Every morning I wake up beside him in pure bliss and gratitude. He has brought light to the parts of myself that others ignored. His touch sends me to heaven, always. Our world is understanding and forgiving. With him I learn patience and to humble myself. Like I had an idea of what I thought love was. I thought I experienced it, I believed I had felt it, until now. There is absolutely nothing that compares to what I feel for him. I love everything that he is now and everything he will be. It’s hard to put into words when the feeling itself takes your breath away, it is profound and beautiful. Our love is gentle but passionate. Like the ocean , it comes in waves crashing down to meet the shore. With him, it’s like time stands still but flies by all at once. We are balance. We’ve grown so much together and been through what seems like lifetimes. I see our future bright and successful. We support each other’s goals & together I see us becoming everything we want. Life is a beautiful thing to share with someone, and I’m so grateful it’s with him.

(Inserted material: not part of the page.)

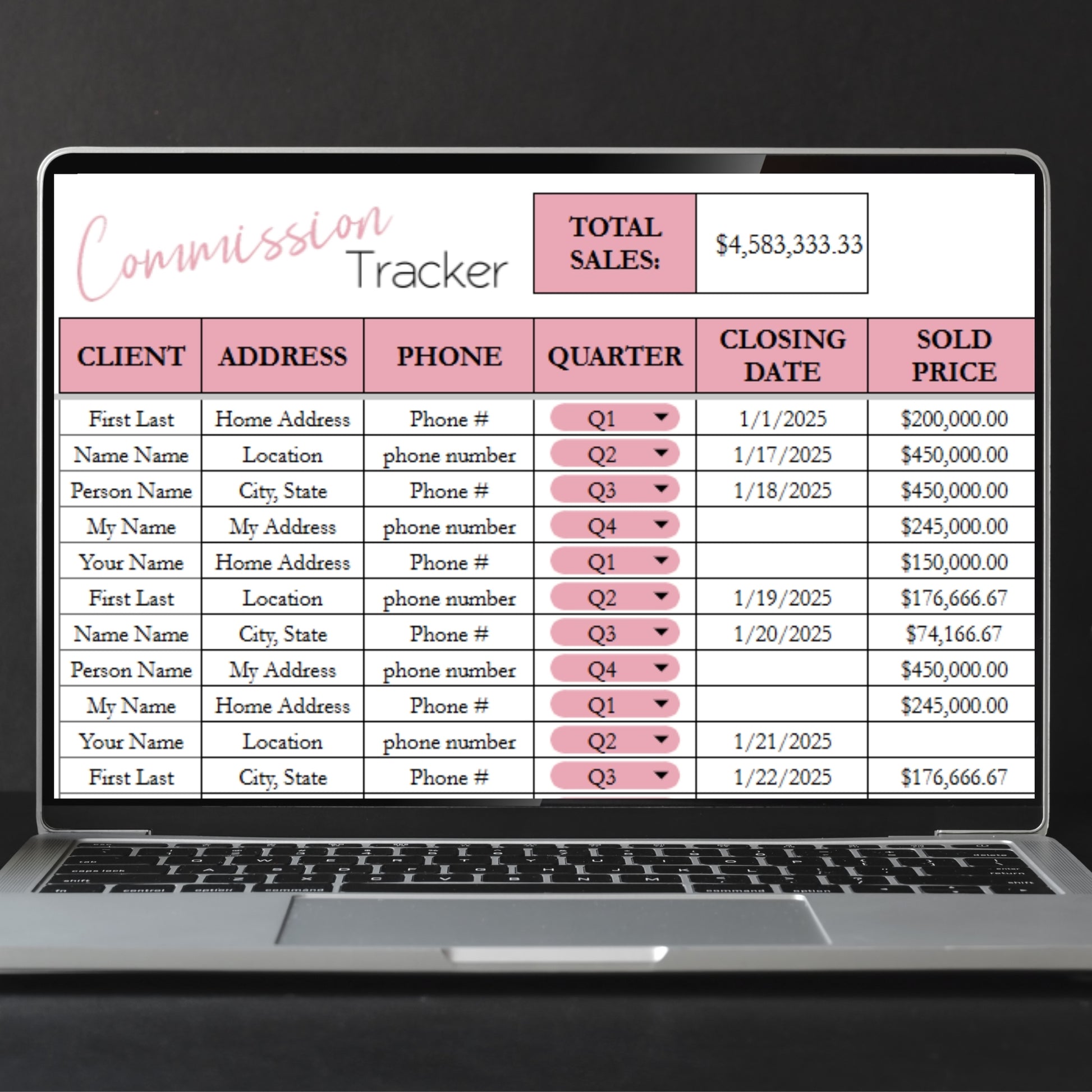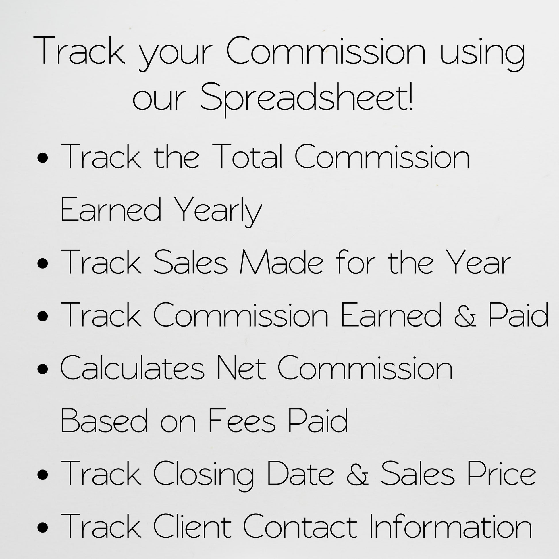 Track your income using this commission tracker spreadsheet template. You can track your total annual commission, the net commission after fees. You can check off if you have been paid commission and what date. This is perfect for a real estate agent, travel agent, insurance agent, and sales people to track your sales. This spreadsheet works in Google Sheets and Excel.Â
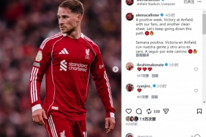 麥卡利斯特社媒曬出比賽照片,配文:“積極的一周,在安菲爾德與我們的球迷一起取得勝利,而且又一次完成零封,讓我們繼續(xù)沿著這條道路前進(jìn)?!?/p>

Me and Amina met on Tinder, lmao. I had just gotten out of a weird relationship and was trying to get back in the game. We ended up going on a nature walk and had a great time but because of the head space I was in I ended up not really pursuing her immediately. (Funny story she sent me a cash app request for $100 dollars for “wasting her time” before we ended up linking again 😂) After a while we hung out again and even though I thought it would be awkward we ended up hitting it off like nothing had happened. She gets on my mfing nerves but I’ve never been as confident and comfortable in a relationship as I have with Amina. I don’t have to doubt her loyalty as a partner and we go out of our way to respect each other which is something I value highly in a significant other. Amina has taught me a lot about being patient and vulnerable and all I can say is I’m blessed that we both swiped right.
Hmm, I’d say slow down. Not everybody is at the same place in life and if you don’t make an effort to show patience while your other is learning their life lessons and vice versa it can cause a lot of unnecessary friction. Just slow down when need be and be there for each other.
She’s just super sensitive and caring. She legitimately teared up because I wouldn’t stop eating meat when we first got together and she was worried about my health 😂 big ass baby.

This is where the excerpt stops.